(About this task): Reproduce exactly the lines from the one containing "Глава Мордовии Артём" through the last line of the records below, both included. Leave out any pictures.

[Material shown — start]

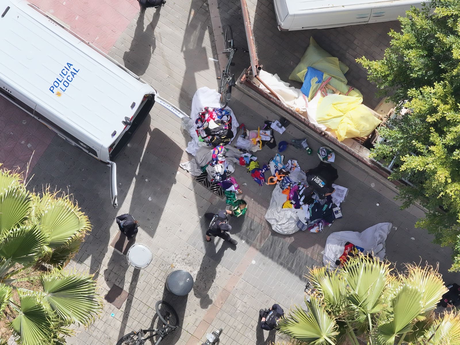 La intervención arrancó a las 11:00 horas. Fue una acción rápida y coordinada. Quince agentes sobre el terreno ejecutando un dispositivo diseñado para impactar en el corazón del “top manta”.
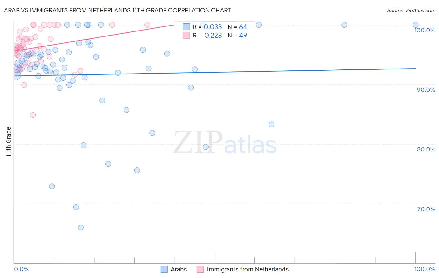 Arab vs Immigrants from Netherlands 11th Grade Correlation Chart
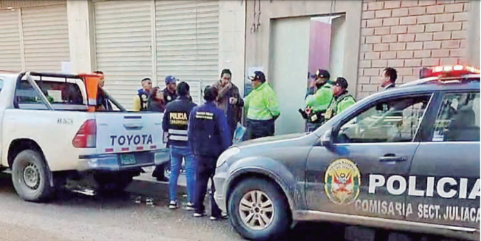 En el ambiente del primer piso, a poca distancia de los dos cuerpos, los efectivos policiales encontraron un envase de detergente, un trapo, un par de guantes de látex y agua enrojecida por la sangre de las víctimas.
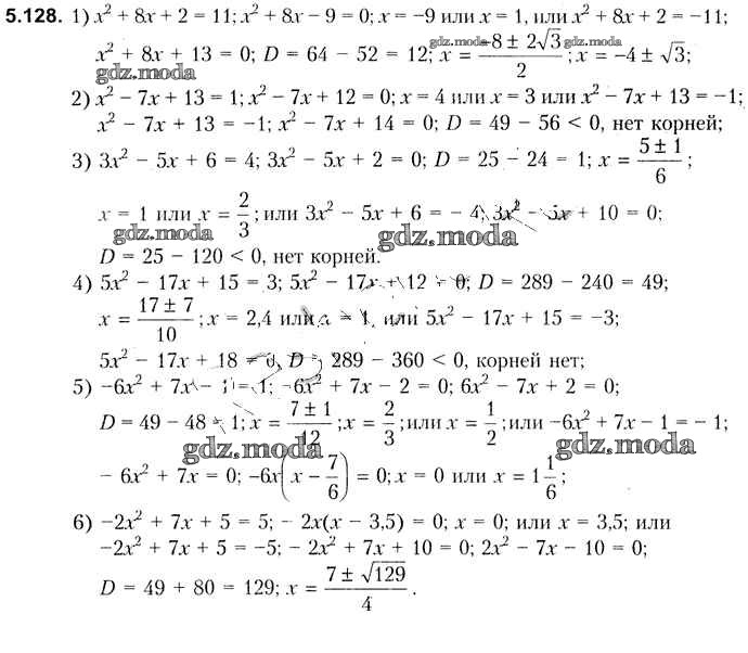 ОТВЕТ на задание № 5.128 Учебник по Алгебре 8 класс Кузнецова
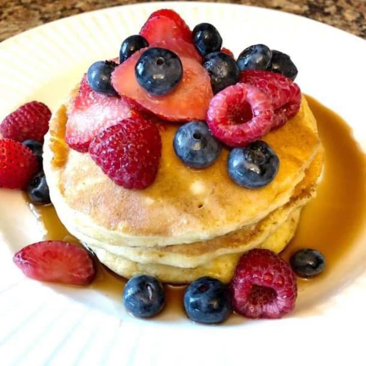 To construct these wonderful pancakes, you have to first mix all the dry ingredients into a large bowl. Second, you will need to add almond milk, vanilla extract, maple syrup, and ACV. Once you do this you will mix all of the ingredients. After this, you will have to let it sit for five to ten minutes. Cook in approximately 1/4 cup scoops over medium heat in a lightly oiled non-stick pan. Flip when bubbles appear in the middle of each pancake, and edges appear dry and cooked. Cook for another three to four minutes on the other side. Wow! We are finished with this extraordinary dish. I hope you enjoy it!
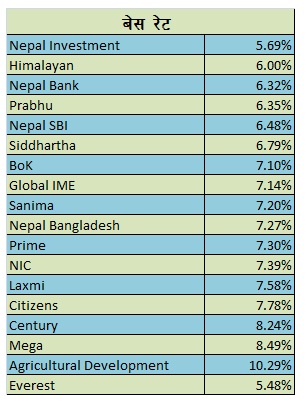 राष्ट्र बैंकले दिएको असोज अन्त्यसम्मको तथ्यांकमा भने औसतमा २८ वटै वाणिज्य बैंकको यो दर ६.४३ प्रतिशत मात्र रहेको थियो । महिना दिनमा नै कर्जाको आधार दर लगभग १ प्रतिशतले बढेको हो ।
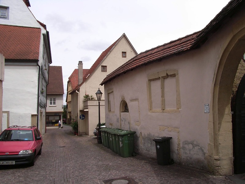 Die schmale Quergasse besitzt mit dem im Kern aus dem 16. Jahrhundert stammenden Amtsgericht eine städtebaulich prägende Hofanlage, die sich gegenüber der Enzbrücke neben dem Rathaus als städtebauliche Dominante über die Stadtmauer erhebt. (a)
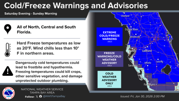 The odds of significant cold, coastal, and marine impacts across South Florida this weekend continues to increase. An Extreme Cold Watch is in effect for the Lake Okeechobee region and coastal Palm beach County and a Freeze Watch is in effect for inland Collier, Miami Dade and Broward counties. Wind chills could drop into the 20s across all of South Florida early Sunday morning. Very breezy conditions are expected on Saturday afternoon through early Sunday morning as the strong cold front pushes through the area. Sustained winds 15-25 mph could gust up to 40 mph, with highest winds likely along the immediate coastlines. A Gale Watch is in effect for local waters beginning on Saturday afternoon and evening. Sustained winds of 30-40 knots with higher gusts is possible across the Atlantic and Gulf waters through Sunday afternoon. Wave heights could peak as high as 12 feet across the Gulf and Atlantic waters during the day on Sunday as well.
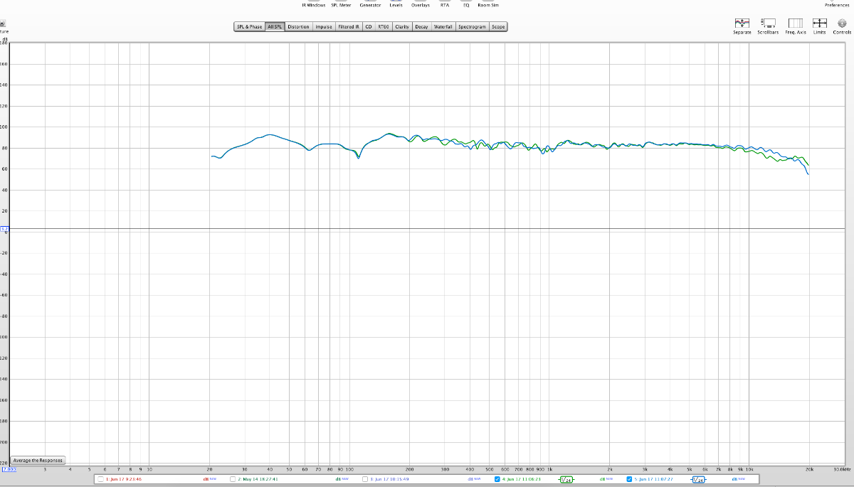 The blue REW is from the side of the room level with LP the Green is with the heavy drapes drawn and the red at LP at 38%, best spot. All swithces on the 310's are at 0dp. Quite the null. Sub?
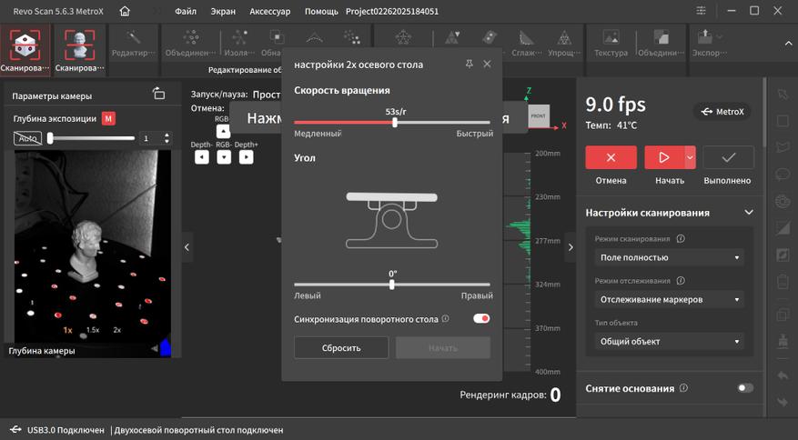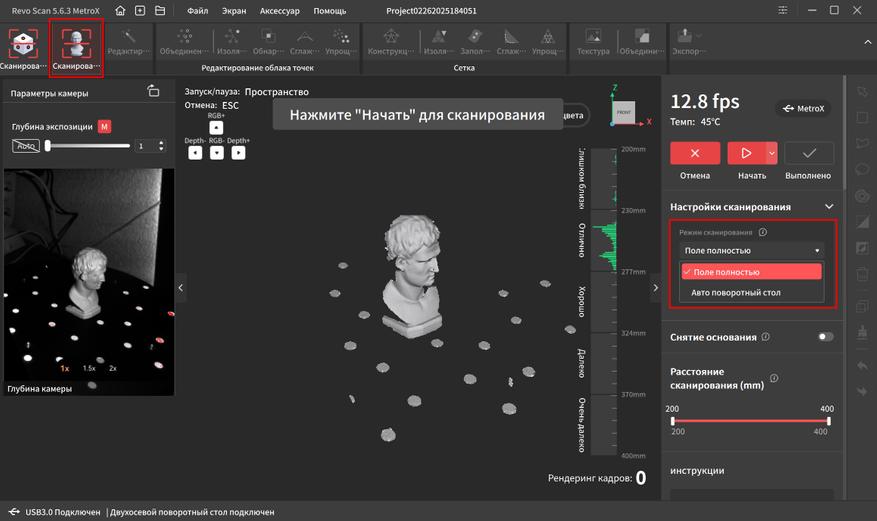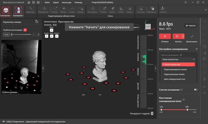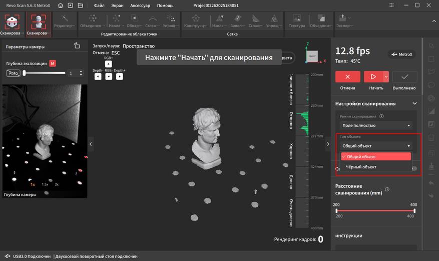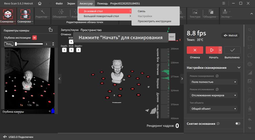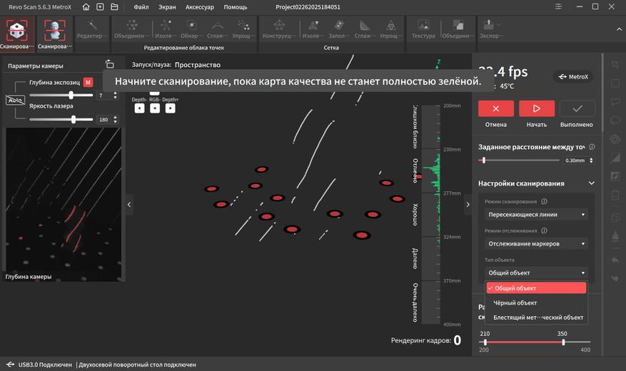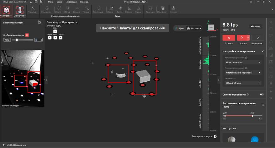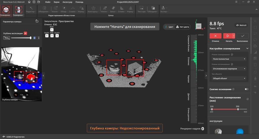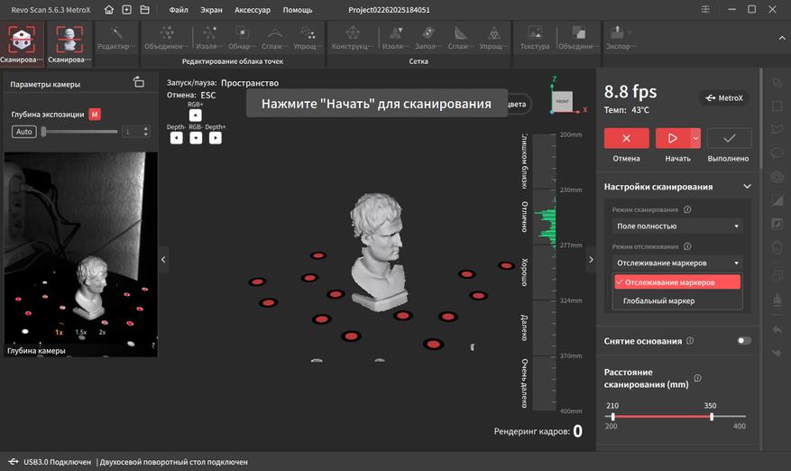 Интерфейс переведен на русский язык и довольно прост в освоении. В верхней части окна находятся основные вкладки, справа дополнительные параметры и инструменты. Самая первая вкладка подразумевает работу с маркерами. Тут можно выбрать один из четырех режимов работы, режим отслеживания, тип объекта, шаг отрисовки, а так же расстояние фокусировки. Это позволяет отсеять лишний шум на заднем плане при сканировании небольших объектов.
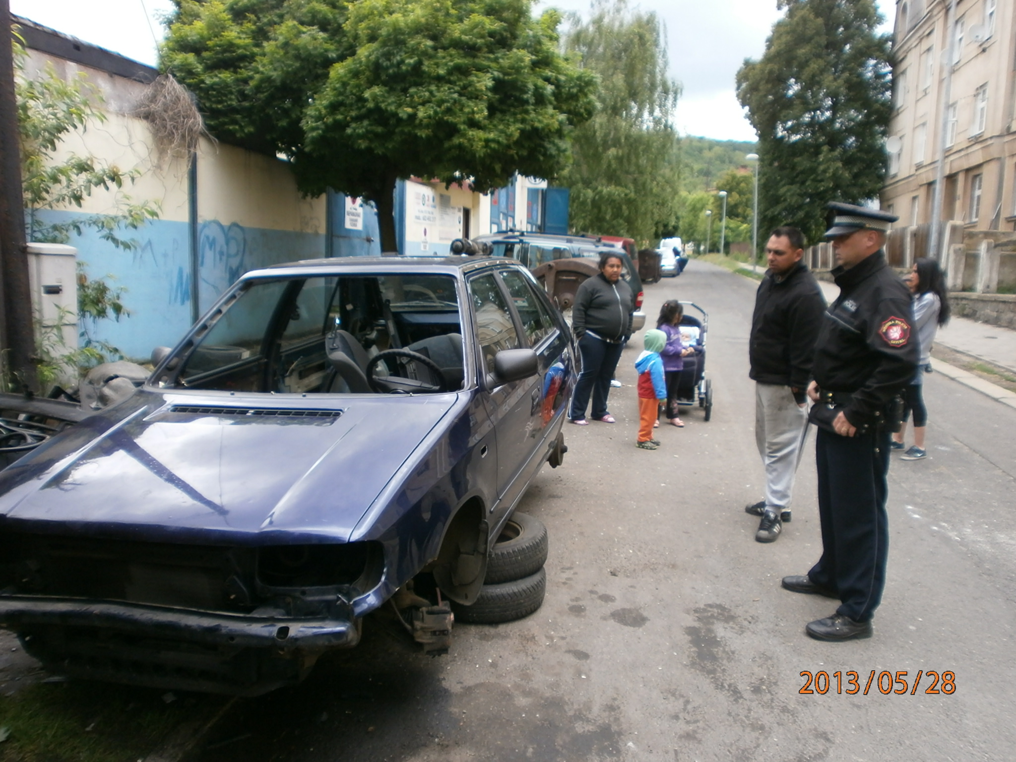 Dne 28.5.2013 v 14.00 hod., vykonávala hlídka městských strážníků pochůzkovou činnost v obvodu Předlice, když si v ulici U Jeslí všimla neznámého muže, který zde na chodníku rozebíral starý osobní automobil a věci, které nebyly vyrobeny z kovu odhazoval na nedaleký trávník. Šetřením bylo zjištěno, že se jedná o Miroslava D.(1989), bytem Trmice, který hlídce sdělil, že vozidlo rozebírá proto, aby ho mohl prodat ve sběrných surovinách, protože s nekovovými částmi ho zde nechtějí vzít a o tom, že odkládat odpady mimo sběrná místa nebo popelnice je zákonem zakázáno nic neví. Lustrací bylo dále zjištěno, že rozebírané vozidlo není v pátrání a ani ho nikdo nepostrádá. Po tomto zjištění bylo jmenovanému sděleno důvodné podezření ze spáchání přestupku, a to neoprávněného založení skládky a ukládání odpadu mimo vyhrazená místa. Po zadokumentování celého případu byl tento předán k dořešení příslušné přestupkové komisi.
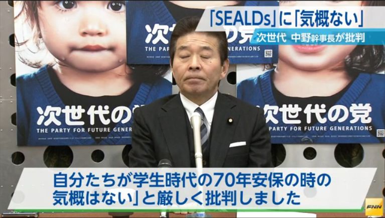 「『SEALDsには気概がない』 次世代・中野幹事長」。あれ? そうおっしゃる次世代さんには、どんな気概がありましたっけ? https://t.co/3GLwpChdOm
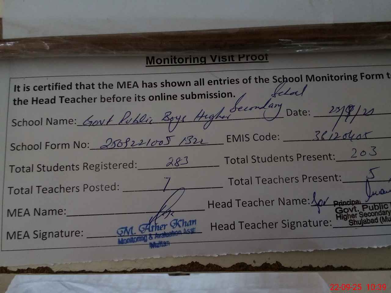 | EMIS Code: 36120405 | Name of School: Govt. Public Boys Higher Secondary School Shujabad | |||
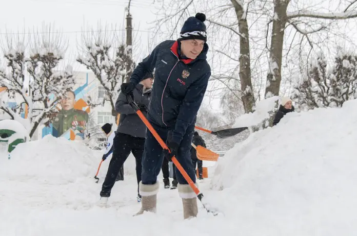 Глава Мордовии Артём Здунов в отличной физической форме. Вооружившись лопатой, он работал наравне с остальными: ритмично, уверенно, без лишних пауз. Заснеженная территория превращалась в расчищенную площадку, а вдоль тротуаров выстраивались аккуратные снежные валы.
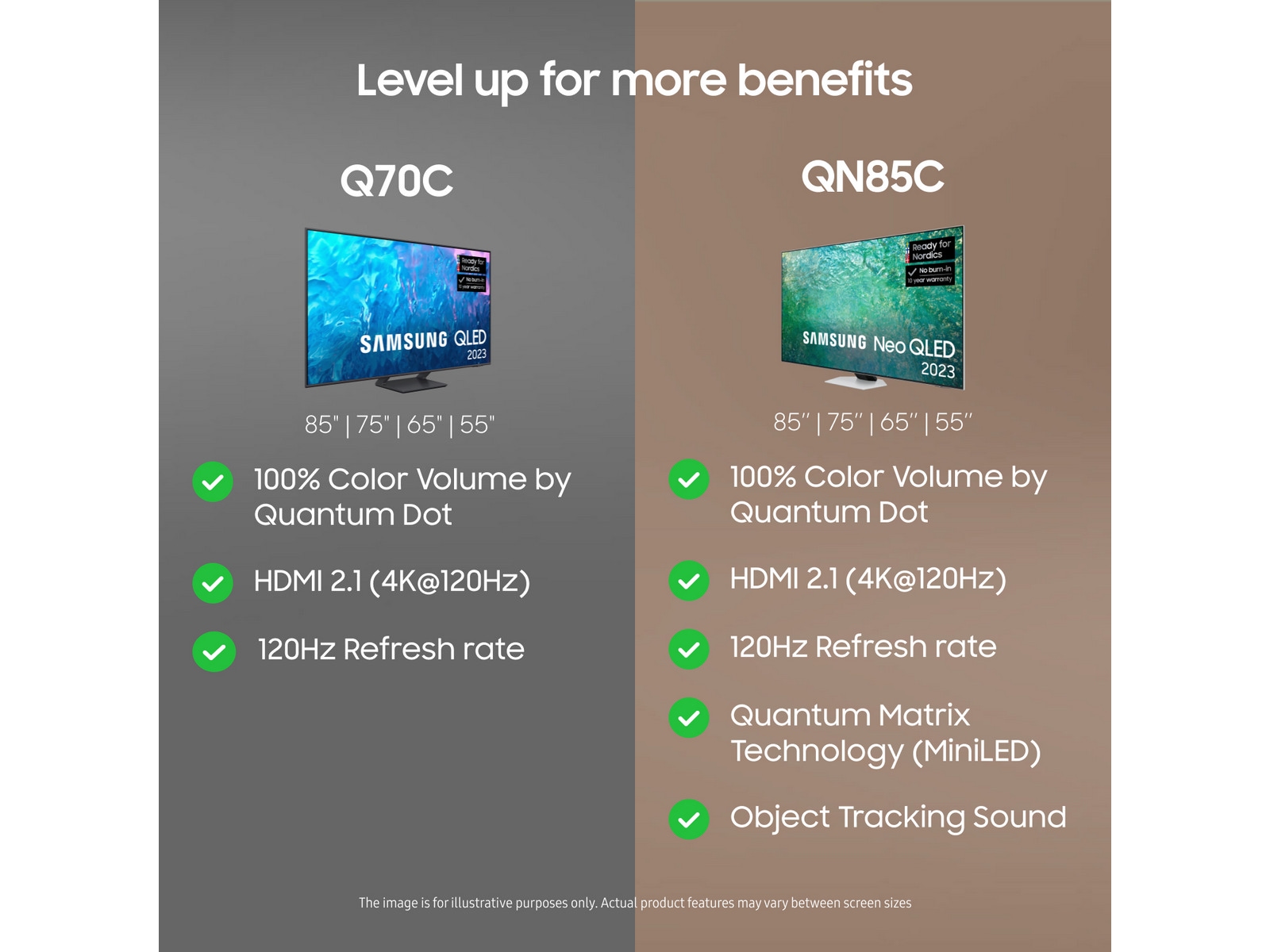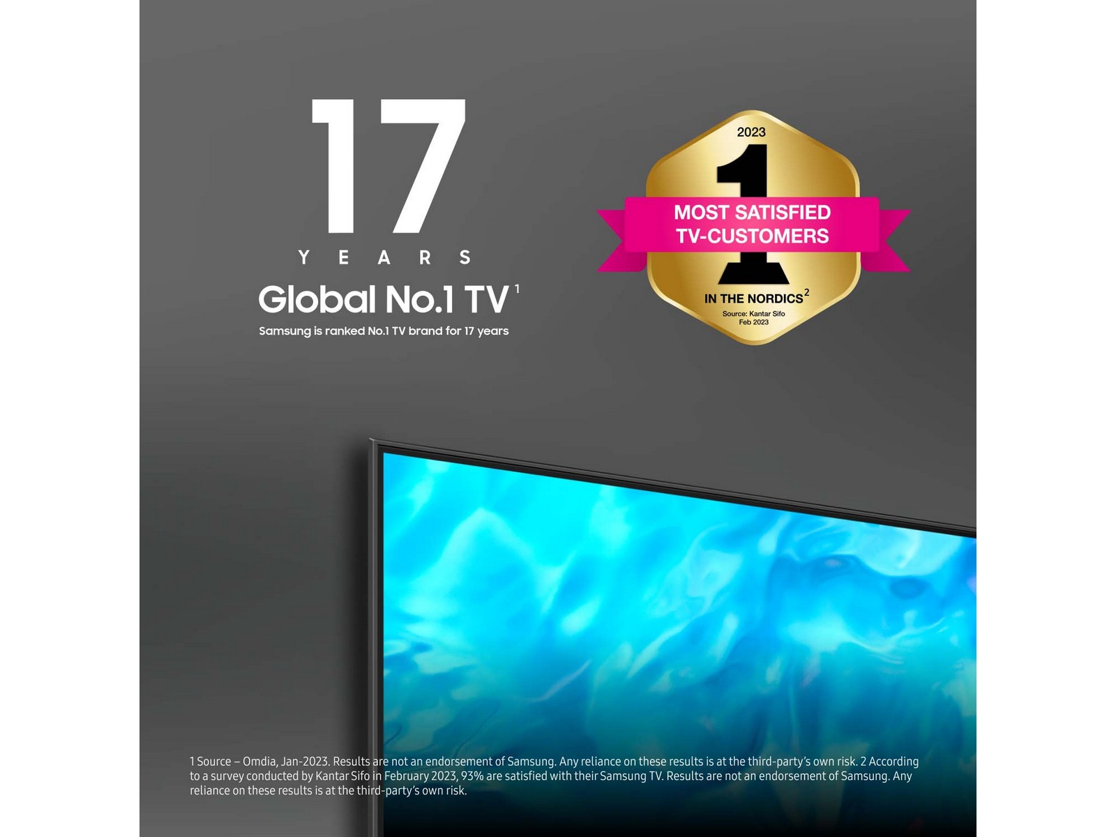 Ifølge en spørreundersøkelse gjennomført av Kantar Sifo i januar 2023 er 93 % av de spurte fornøyde med sin Samsung-TV. Resultatene er ikke ment som en anbefaling av Samsung. Tillit til resultatene skjer på tredjeparts eget ansvar.

[Material shown — finish]

(Worked solution):
 Глава Мордовии Артём Здунов в отличной физической форме. Вооружившись лопатой, он работал наравне с остальными: ритмично, уверенно, без лишних пауз. Заснеженная территория превращалась в расчищенную площадку, а вдоль тротуаров выстраивались аккуратные снежные валы.
 Ifølge en spørreundersøkelse gjennomført av Kantar Sifo i januar 2023 er 93 % av de spurte fornøyde med sin Samsung-TV. Resultatene er ikke ment som en anbefaling av Samsung. Tillit til resultatene skjer på tredjeparts eget ansvar.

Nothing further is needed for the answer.